Given the entries below, copy each of them out exactly.

> [Data]

+++

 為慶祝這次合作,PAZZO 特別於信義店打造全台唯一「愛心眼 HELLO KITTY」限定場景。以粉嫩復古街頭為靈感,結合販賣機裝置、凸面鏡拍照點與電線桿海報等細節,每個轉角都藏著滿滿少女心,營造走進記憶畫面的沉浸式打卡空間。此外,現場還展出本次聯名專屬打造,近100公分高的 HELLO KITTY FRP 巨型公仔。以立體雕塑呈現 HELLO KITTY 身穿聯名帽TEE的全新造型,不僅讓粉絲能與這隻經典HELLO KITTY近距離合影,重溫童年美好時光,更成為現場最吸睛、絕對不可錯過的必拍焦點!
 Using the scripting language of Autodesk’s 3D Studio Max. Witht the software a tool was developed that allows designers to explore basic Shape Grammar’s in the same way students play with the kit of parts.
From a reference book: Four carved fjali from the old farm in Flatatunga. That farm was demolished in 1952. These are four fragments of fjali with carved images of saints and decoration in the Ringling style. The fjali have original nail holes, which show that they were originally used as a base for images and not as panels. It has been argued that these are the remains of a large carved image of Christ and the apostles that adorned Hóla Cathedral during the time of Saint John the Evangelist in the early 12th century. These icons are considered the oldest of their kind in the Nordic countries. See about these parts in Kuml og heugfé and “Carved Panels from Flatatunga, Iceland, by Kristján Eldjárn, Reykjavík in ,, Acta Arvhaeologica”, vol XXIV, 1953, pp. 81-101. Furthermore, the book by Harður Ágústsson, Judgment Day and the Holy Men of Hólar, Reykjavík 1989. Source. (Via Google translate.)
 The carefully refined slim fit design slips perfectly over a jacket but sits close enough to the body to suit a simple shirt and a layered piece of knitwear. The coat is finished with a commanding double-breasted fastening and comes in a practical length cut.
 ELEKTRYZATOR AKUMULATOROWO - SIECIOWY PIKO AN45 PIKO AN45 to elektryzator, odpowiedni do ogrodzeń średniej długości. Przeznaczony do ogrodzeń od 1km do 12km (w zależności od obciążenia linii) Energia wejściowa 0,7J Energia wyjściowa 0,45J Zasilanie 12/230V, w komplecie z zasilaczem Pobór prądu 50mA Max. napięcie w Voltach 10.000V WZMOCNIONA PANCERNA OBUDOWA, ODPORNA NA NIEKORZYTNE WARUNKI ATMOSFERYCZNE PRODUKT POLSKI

+++

> [Answer section]
 為慶祝這次合作,PAZZO 特別於信義店打造全台唯一「愛心眼 HELLO KITTY」限定場景。以粉嫩復古街頭為靈感,結合販賣機裝置、凸面鏡拍照點與電線桿海報等細節,每個轉角都藏著滿滿少女心,營造走進記憶畫面的沉浸式打卡空間。此外,現場還展出本次聯名專屬打造,近100公分高的 HELLO KITTY FRP 巨型公仔。以立體雕塑呈現 HELLO KITTY 身穿聯名帽TEE的全新造型,不僅讓粉絲能與這隻經典HELLO KITTY近距離合影,重溫童年美好時光,更成為現場最吸睛、絕對不可錯過的必拍焦點!
 Using the scripting language of Autodesk’s 3D Studio Max. Witht the software a tool was developed that allows designers to explore basic Shape Grammar’s in the same way students play with the kit of parts.
From a reference book: Four carved fjali from the old farm in Flatatunga. That farm was demolished in 1952. These are four fragments of fjali with carved images of saints and decoration in the Ringling style. The fjali have original nail holes, which show that they were originally used as a base for images and not as panels. It has been argued that these are the remains of a large carved image of Christ and the apostles that adorned Hóla Cathedral during the time of Saint John the Evangelist in the early 12th century. These icons are considered the oldest of their kind in the Nordic countries. See about these parts in Kuml og heugfé and “Carved Panels from Flatatunga, Iceland, by Kristján Eldjárn, Reykjavík in ,, Acta Arvhaeologica”, vol XXIV, 1953, pp. 81-101. Furthermore, the book by Harður Ágústsson, Judgment Day and the Holy Men of Hólar, Reykjavík 1989. Source. (Via Google translate.)
 The carefully refined slim fit design slips perfectly over a jacket but sits close enough to the body to suit a simple shirt and a layered piece of knitwear. The coat is finished with a commanding double-breasted fastening and comes in a practical length cut.
 ELEKTRYZATOR AKUMULATOROWO - SIECIOWY PIKO AN45 PIKO AN45 to elektryzator, odpowiedni do ogrodzeń średniej długości. Przeznaczony do ogrodzeń od 1km do 12km (w zależności od obciążenia linii) Energia wejściowa 0,7J Energia wyjściowa 0,45J Zasilanie 12/230V, w komplecie z zasilaczem Pobór prądu 50mA Max. napięcie w Voltach 10.000V WZMOCNIONA PANCERNA OBUDOWA, ODPORNA NA NIEKORZYTNE WARUNKI ATMOSFERYCZNE PRODUKT POLSKI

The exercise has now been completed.